◆ Activity
The whole listing below should be printed again exactly, with no images.

::::::

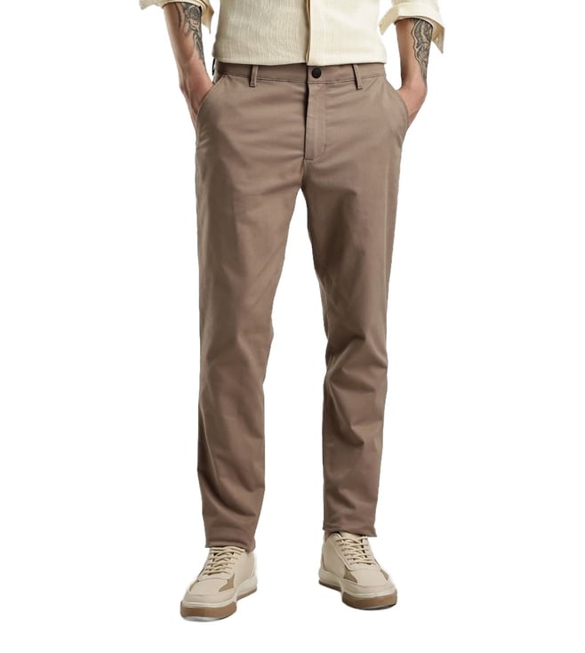 Taupe Gray Mid rise Solid Slim Fit Pant
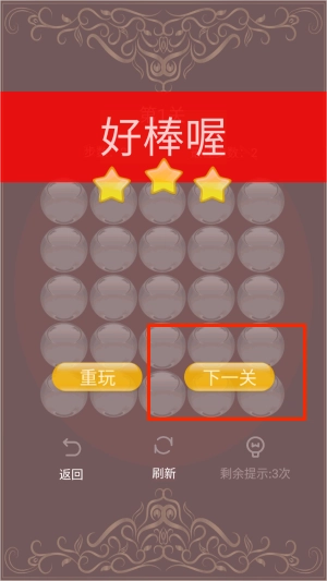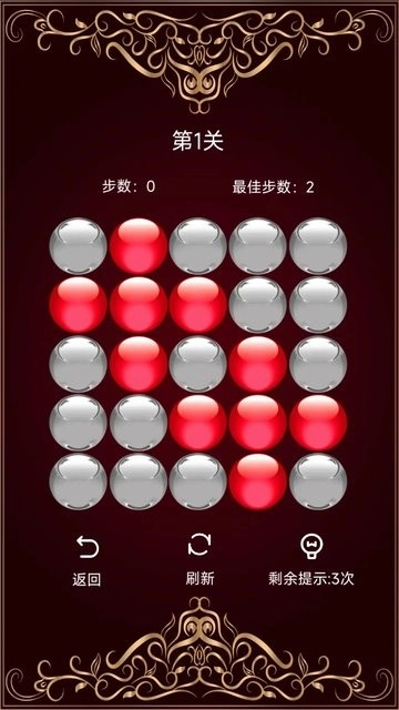 當(dāng)所有球體變?yōu)榘瞪珪r(shí)即表示通關(guān)成功,系統(tǒng)會(huì)展示所用步數(shù)并給出對應(yīng)的星級(jí)評定。
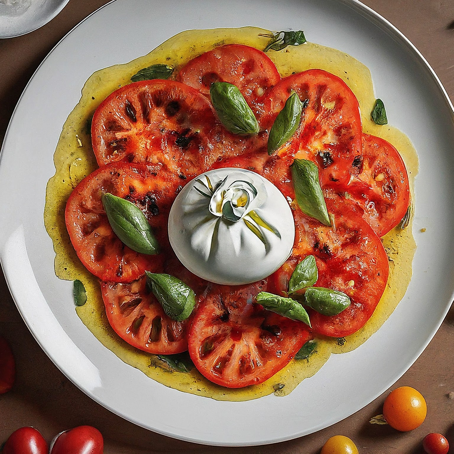 Ein erfrischendes und leichtes Sommergericht: Cremiger Burrata auf süßem Tomatencarpaccio mit Basilikum.
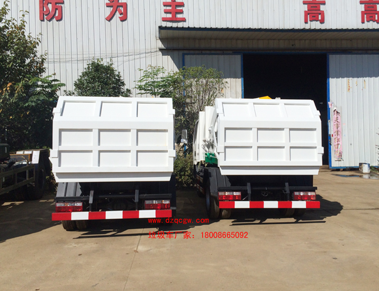 卸料結構:系用箱卸料,由兩只液壓油缸直接舉升車廂進行卸料,箱底與地面夾角不小于45度,以實現垃圾依靠自重能自行卸下的專用自卸運輸車。
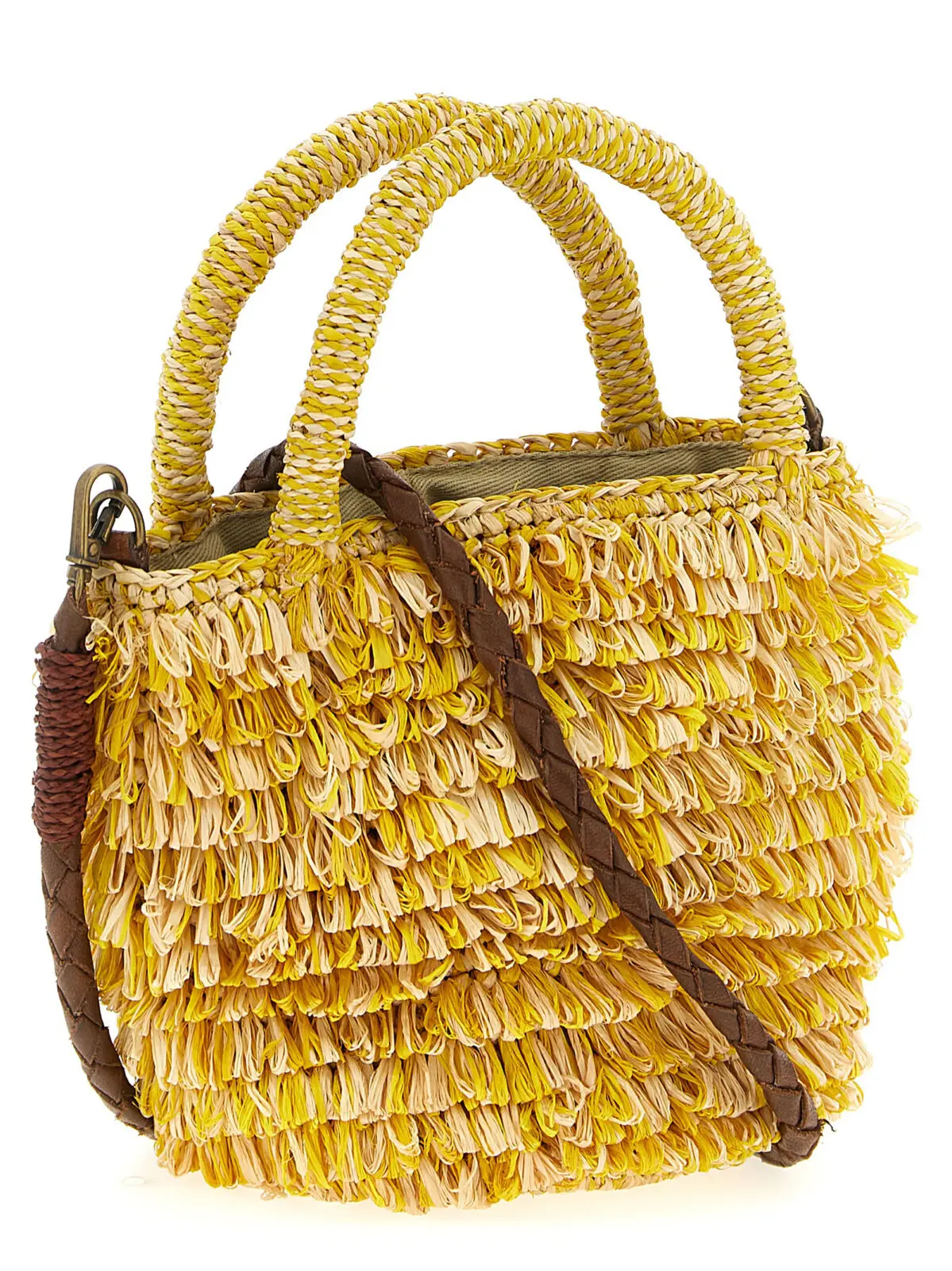 Міні-сумка Naka виконана вручну з натуральної рафії, що підкреслює її унікальність та екологічність. Витончений дизайн із затягуючим мішечком, подвійною ручкою та знімним плетеним шкіряним ремінцем забезпечує комфорт і універсальність, створюючи образ вишуканого статусу та бездоганного стилю.

::::::

◆ Output of the task
 Taupe Gray Mid rise Solid Slim Fit Pant
 當(dāng)所有球體變?yōu)榘瞪珪r(shí)即表示通關(guān)成功,系統(tǒng)會(huì)展示所用步數(shù)并給出對應(yīng)的星級(jí)評定。
 Ein erfrischendes und leichtes Sommergericht: Cremiger Burrata auf süßem Tomatencarpaccio mit Basilikum.
 卸料結構:系用箱卸料,由兩只液壓油缸直接舉升車廂進行卸料,箱底與地面夾角不小于45度,以實現垃圾依靠自重能自行卸下的專用自卸運輸車。
 Міні-сумка Naka виконана вручну з натуральної рафії, що підкреслює її унікальність та екологічність. Витончений дизайн із затягуючим мішечком, подвійною ручкою та знімним плетеним шкіряним ремінцем забезпечує комфорт і універсальність, створюючи образ вишуканого статусу та бездоганного стилю.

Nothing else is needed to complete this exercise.